| ASSIGNED TASK |
When the line with "Corrugated Plastic Yard" comes up, set it down and every later line to the end of the data, exactly and without pictures.

| AVAILABLE DATA |
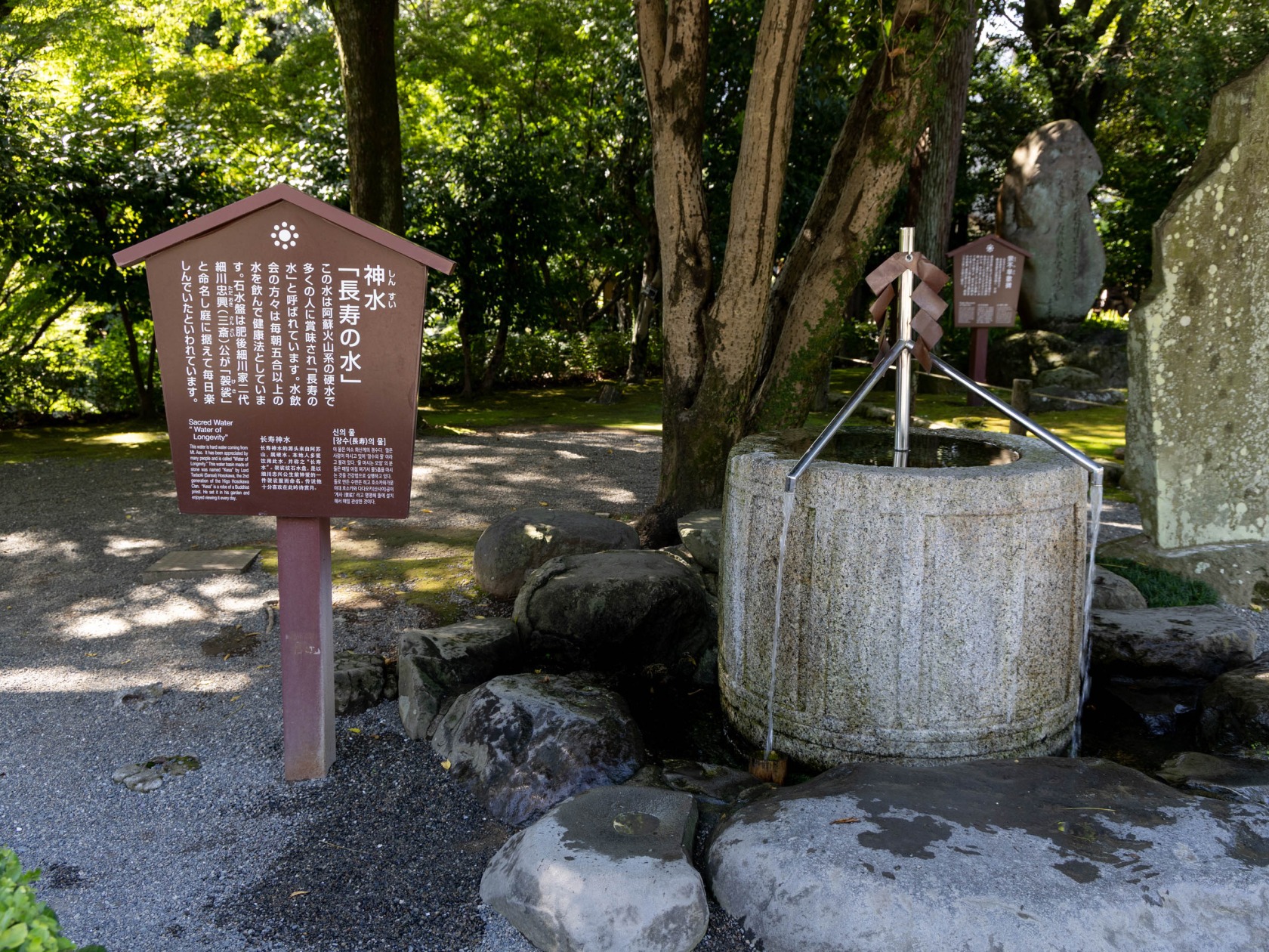 • 神水「長寿の水」:阿蘇の伏流水が湧き出るパワースポット。
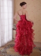 Red Column Sweetheart High-low Organza Beading Prom / Cocktail Dress
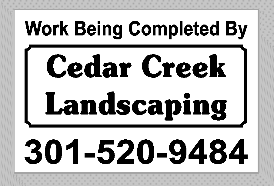 Corrugated Plastic Yard Sign: Size 12 inch by 18 inches; Colo rForest Green; Black; Desired Fonts and Text 301-520-9484 In Black under the following text in Forest Green; Work being completed by Cedar Creek Landscaping. Font= Broadside / Arial SIGN SHOULD LOOK LIKE THIS Work Being Completed By Cedar Creek Landscaping 301-520-9484 PLEASE make all text be at least 2 inches in height being proportional with length.
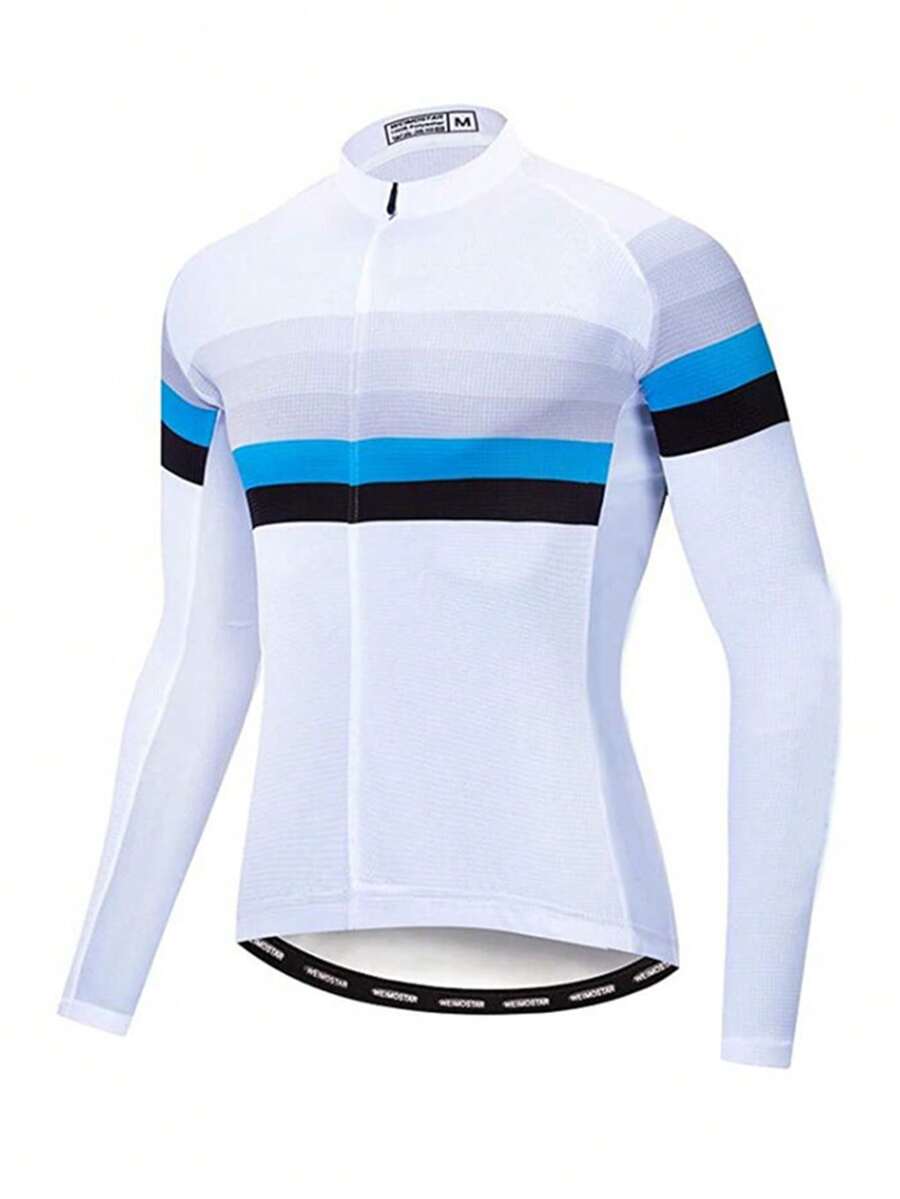 1pc Men's White Color-Blocked Cycling Jersey Long Sleeve Top Gym Clothes Men

| RESPONSE |
 Corrugated Plastic Yard Sign: Size 12 inch by 18 inches; Colo rForest Green; Black; Desired Fonts and Text 301-520-9484 In Black under the following text in Forest Green; Work being completed by Cedar Creek Landscaping. Font= Broadside / Arial SIGN SHOULD LOOK LIKE THIS Work Being Completed By Cedar Creek Landscaping 301-520-9484 PLEASE make all text be at least 2 inches in height being proportional with length.
 1pc Men's White Color-Blocked Cycling Jersey Long Sleeve Top Gym Clothes Men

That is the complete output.